İçtiğim Su Ankara

Herkesin bildiği gibi Atatürk 27 Aralık 1919'da Ankara'ya geldiğinde, İstanbul'a göre kasaba görünümünde, yokluklar içinde bir şehir bulmuştu. Elindeki özgürlük, cumhuriyet meşalesi tüm ülkeyi aydınlatmaya yetiyordu. Ankara'nın en büyük sıkıntısı susuzluktu. Hamasi olarak irfan susuzluğunu da eklersek, Atatürk ve Ankarayı anlatmış oluruz.
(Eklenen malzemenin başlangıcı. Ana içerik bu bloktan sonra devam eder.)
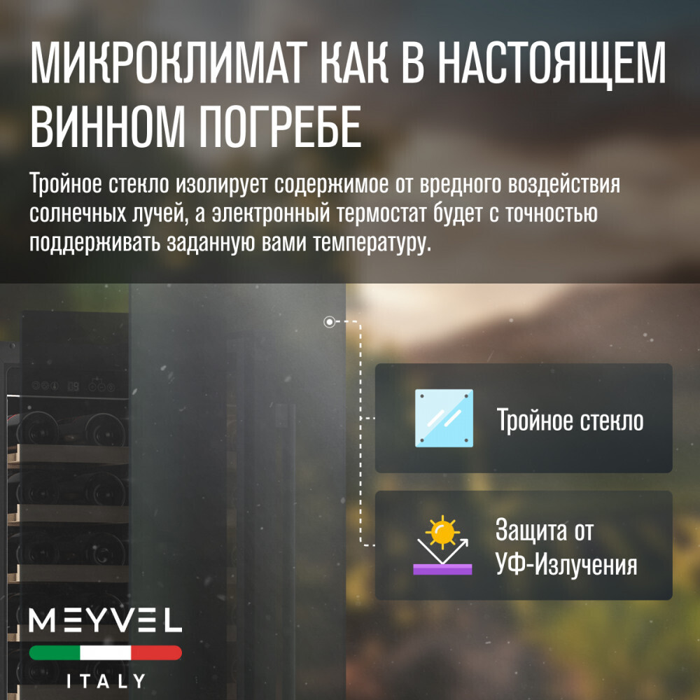 MV9-KBT1 поддерживает оптимальную температуру и влажность воздуха. Двойное стекло изолирует содержимое от вредного воздействия солнечных лучей. Два электронных термостата будут с точностью поддерживать заданную Вами температуру.

Saygılarımla.

yazı resim

İçtiğim su Ankara

Hisarımın her burcu gizlenmiş bir kamera
Kayıp çapa, Gordiom, su yüzünde amfora
Suyu bol, tası hayrat, taş oluklu çeşmeler,
Eski düş, yeni taam, içtiğim su Ankara.

İndiğim ‘Karaoğlan’, ‘Çıkrıkçılar’ uğrağım
Çarşı içi, dingince ‘Cihan’dı dar sokağım
Hacıbayram, Uzunyol, Ulucanlar çepçevre,
Canlanmış birer resim kalan birkaç konağım.

Gel arkadaş dur dinlen çıkımız ortaklaşa
Oylum oylum çizgisi git geriye, dön başa
Bir avuç abıhayat, bir kucak yaşanmış çağ,
Yahya Galip, Tandoğan, Vali Abidin Paşa.

Şişkindere bağları sağ yan Esat, Çankaya
Bu tozlu yollarında seğmenim atlı, yaya
Bülbülderesi müzik, Ahmetlerdi sağdıçın,
Bakıp göstereniyle kendime oldum kahya.

Atatürk Başöğremen, okumak büyük çağrı
Şifasında her bölüm, bal yapan olgun arı
Bir gövdeydi kocaman tarihini yazarım,
Osmanlıca terk oldu, Türkçe yazıydı gayrı

Gördüğün eski yerler düşteki o heyecan
Gelişen adım adım yolun üstünde revan
Köprü üstü, yol çatı yaz sevdası, kış sisi,
Vadisi göl, şelale; park, bahçesi taze kan.

Çağlıyor, çağ atlıyor ve seninle gururlu
Yol çığrından, bulvara devleşti Anadolu
Testileri doldurdu susuz değil asil kan,
Siyaseti saymazsak Başkenti derli toplu.